Parents of young children everywhere can breathe a f@!#ing sigh of relief: It turns out swearing in front of your children isn’t such a bad thing after all.
In his book, “What the F: What Swearing Reveals About our Language, Our Brain, and Ourselves,” author Benjamin Bergen says casually swearing in front of your children doesn’t have an impact on a child’s well-being or emotional development.
“The use of fleeting expletives doesn’t have any impact on their well being or their socialization…as far as we can tell,” Bergen told Global News.

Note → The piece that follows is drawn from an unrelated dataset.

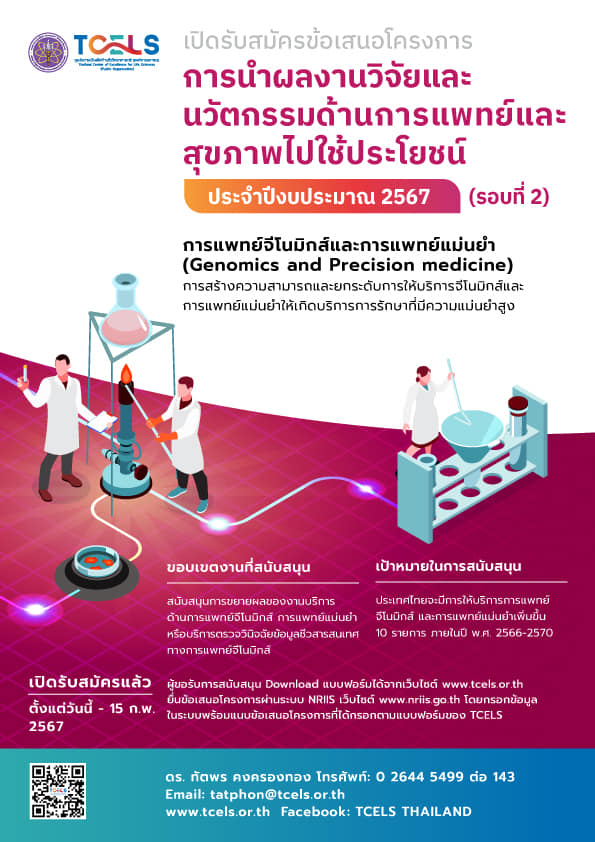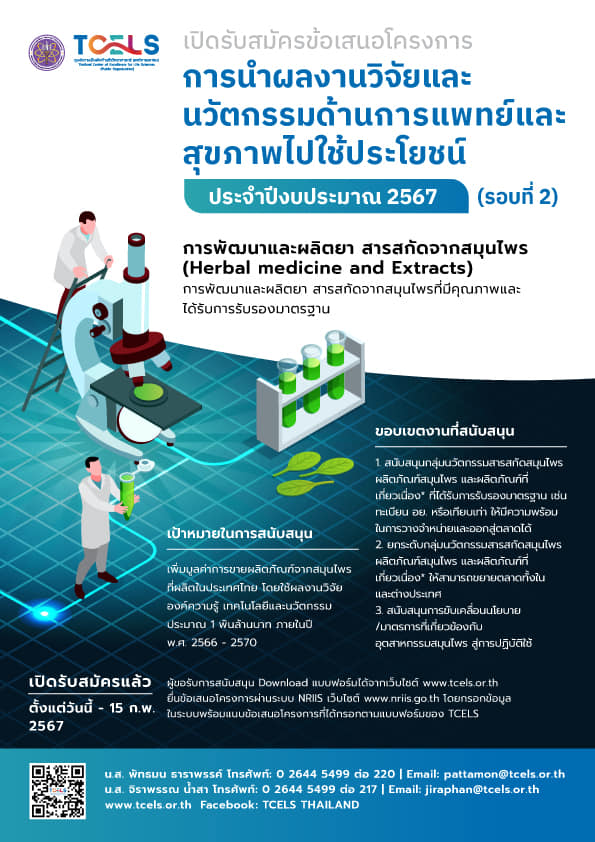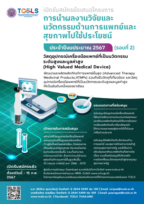 ศูนย์ความเป็นเลิศด้านชีววิทยาศาสตร์ (องค์การมหาชน) หรือ TCELS เปิดรับสมัครข้อเสนอโครงการการนำผลงานวิจัยและนวัตกรรมด้านการแพทย์และสุขภาพไปใช้ประโยชน์ (Research Utilization : RU) ประจำปีงบประมาณ 2567 รอบที่ 2 ตั้งแต่วันนี้ถึงวันที่ 15 กุมภาพันธ์ 2567 โดยมีวัตถุประสงค์เพื่อขับเคลื่อนเศรษฐกิจ เพิ่มขีดความสามารถของเอกชน มุ่งสู่เศรษฐกิจฐานนวัตกรรม ยกระดับห่วงโซ่อุตสาหกรรมเป้าหมาย เชื่อมต่อและกระจายสู่เศรษฐกิจฐานราก โดยเปิดรับข้อเสนอโครงการจาก 3 อุตสาหกรรมเป้าหมาย ประกอบด้วย

Bergen, a cognitive science professor at the University of California, San Diego, notes that while letting the odd swear word loose around kids isn’t harmful, it is incredibly damaging to subject children to verbal abuse.
“Verbal abuse can come in different varieties and that can include swearing and slurs,” he explained. “We can track over time how kids are exposed to abusive language show increases in anxiety, depression and troubles in school.”
Bergen, who is a father of two, says he will drop the occasional curse word around his children, aged four and one.
“We have come around to the research and let ourselves do naturally what we do at home, which is swear a little bit,” the professor said.
While some parents are fearful that their children, particularly young children, may mimic their language, Bergen says this isn’t necessarily the case.
“There’s pretty good evidence you’re not cool enough for your kids to copy you when it comes to swearing,” he said, noting that most often children pick up profane or taboo language from their peers.
“Profanity is anti-authoritarian,” he continued. “It is breaking the rules to use profanity in public. If you, the ultimate authority figure for kids are using it, then they don’t see it as cool.”